2/15/2017

Introducing Ramblin Spokes, Civil War author


Well, hello, everybody! My name is Ramblin Spokes and I am a seasoned Civil War author. I will be dropping in here occasionally to pull back the curtain on how we Civil War authors make our magic.

In a forum like this, I can also test my out my new writing on Civil War book buyers like yourselves.

You know, every Civil War book needs some powerful theme to put across that this whole thing is a lot more than who-shot-john and here we go with yet another darn battle.

To that end, I have crafted a phrase that I think captures the deeper meaning of the war. Notice how I use it in these different passages:

(a) "Frederick Douglass saw the Civil War as the inevitable consequence of man's inhumanity to man."

(b) "It’s man’s inhumanity to man, and to a race, that makes Black History Month so important, so necessary."

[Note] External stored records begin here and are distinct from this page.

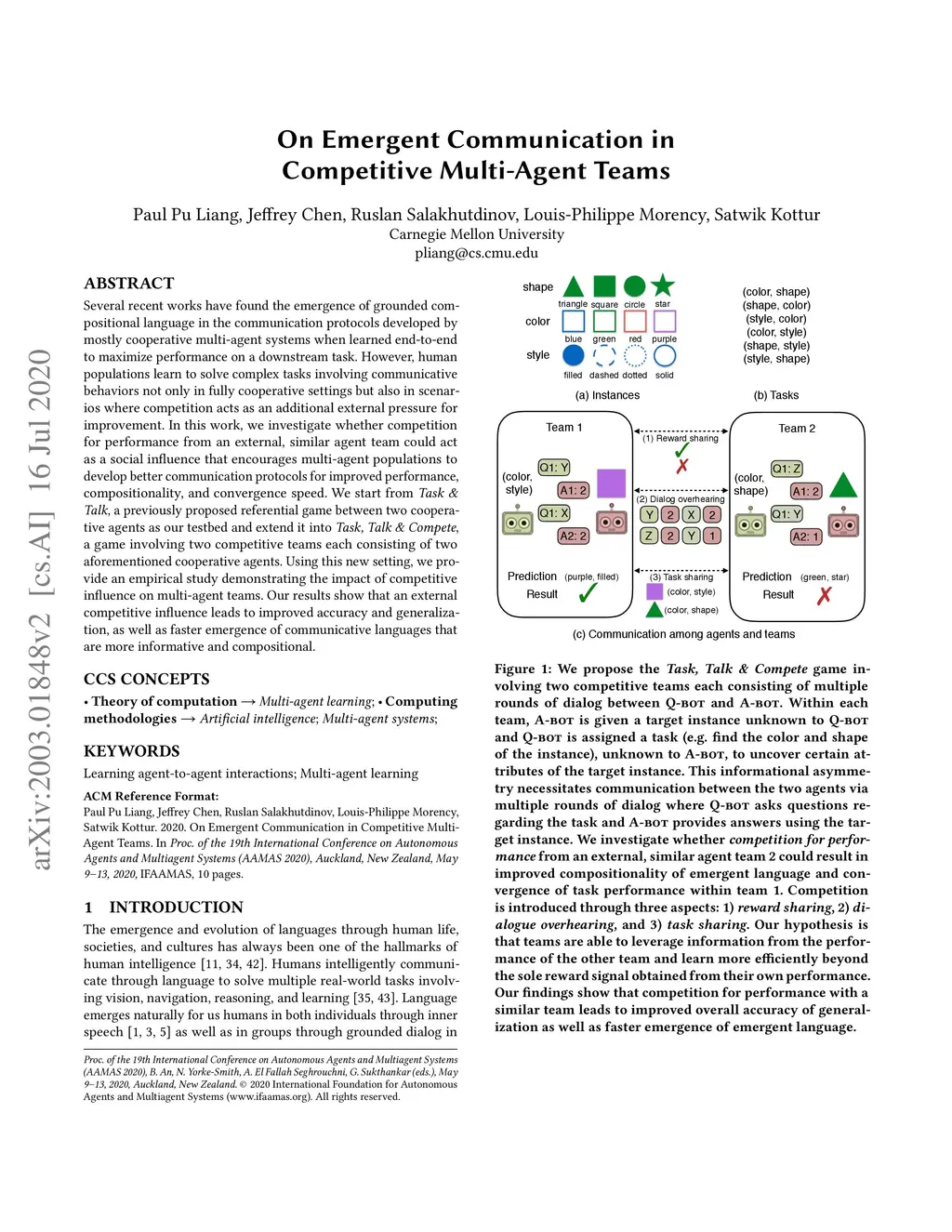 Several recent works have found the emergence of grounded compositional language in the communication protocols developed by mostly cooperative multi-agent systems when learned end-to-end to maximize performance on a downstream task. However, human populations learn to solve complex tasks involving communicative behaviors not only in fully cooperative settings but also in scenarios where competition acts as an additional external pressure for improvement. In this work, we investigate whether competition for performance from an external, similar agent team could act as a social influence that encourages multi-agent populations to develop better communication protocols for improved performance, compositionality, and convergence speed. We start from Task & Talk, a previously proposed referential game between two cooperative agents as our testbed and extend it into Task, Talk & Compete, a game involving two competitive teams each consisting of two aforementioned cooperative agents. Using this new setting, we provide an empirical study demonstrating the impact of competitive influence on multi-agent teams. Our results show that an external competitive influence leads to improved accuracy and generalization, as well as faster emergence of communicative languages that are more informative and compositional.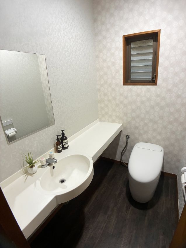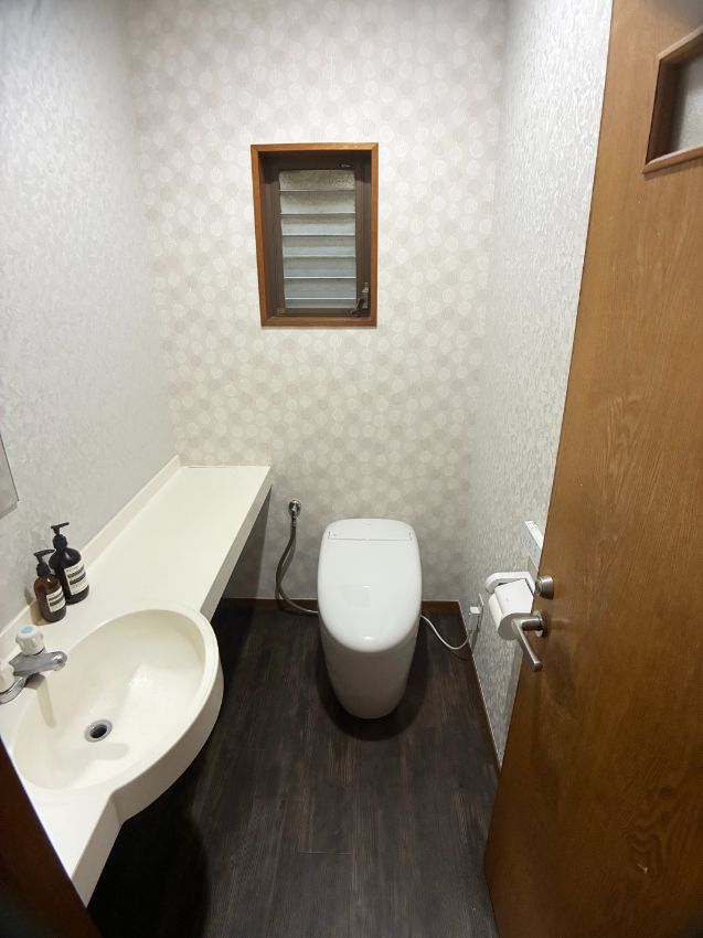 淡い色の壁紙と、落ち着きのあるダークな木目床が調和した、上品で落ち着きのあるトイレ空間が完成しました。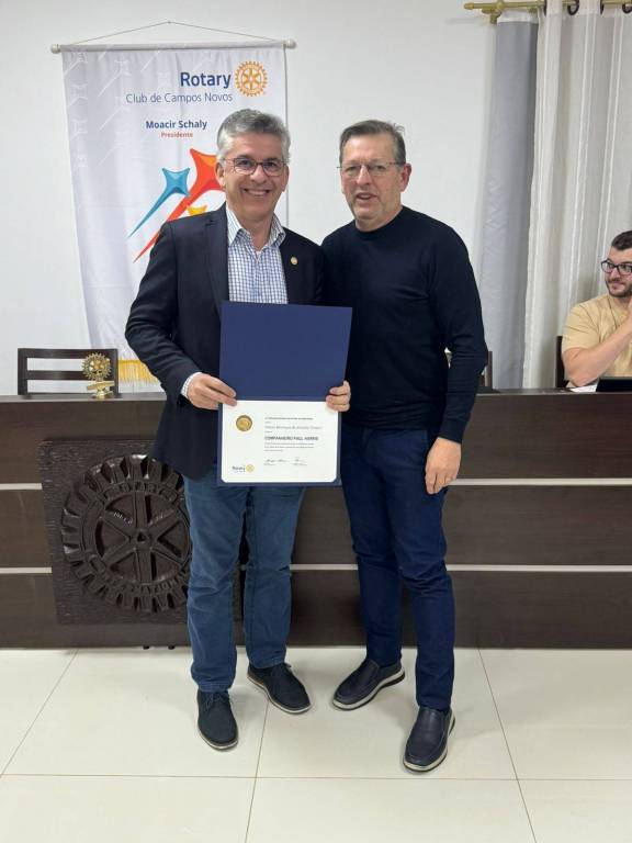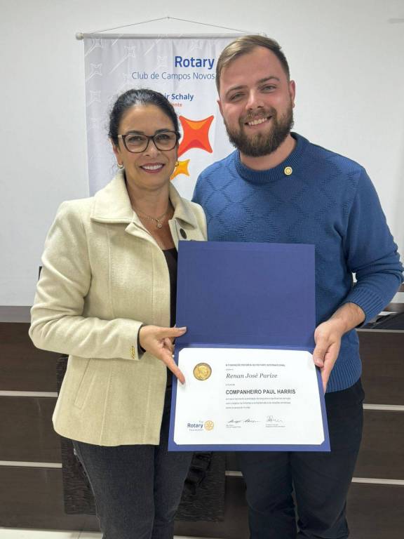 Os companheiros merecedores desta noite foram Renan Parize, diretor da comissão do Banco Ortopédico e Marli Becker presidente 2023-24 deste clube, ainda a SiCOOB Credicampos, parceira do Rotary por ser uma empresa cidadã onde seu presidente Otávio Henrique Tessaro foi agraciado com um título Paul Harris.

Have you spotted my turn of phrase yet? Here's another clue or two:

(c) "Sadly, the war produced any number of examples of man's inhumanity to fellowman."

(d) "The memories of man's inhumanity to man are imbedded in its soil."

Haven't got it yet? You're not tryin'!

(e) "No one could have predicted that it would become the Civil War’s greatest example of man’s inhumanity to man."

(f) "Colonel Virgil S. Murphy would write in his diary: '...an unholy ground that exemplified man's inhumanity to man.' "

There is no harm in repeating your core theme. In fact you must do so, lest the reader put the book down.

You see, man's inhumanity to man is what will make my book worth buying and reading. It captures the total war experience in a nutshell. It's almost a kind of branding, it's just that powerful.

So go forth and find you own inhumanity as you write your own Civil War history.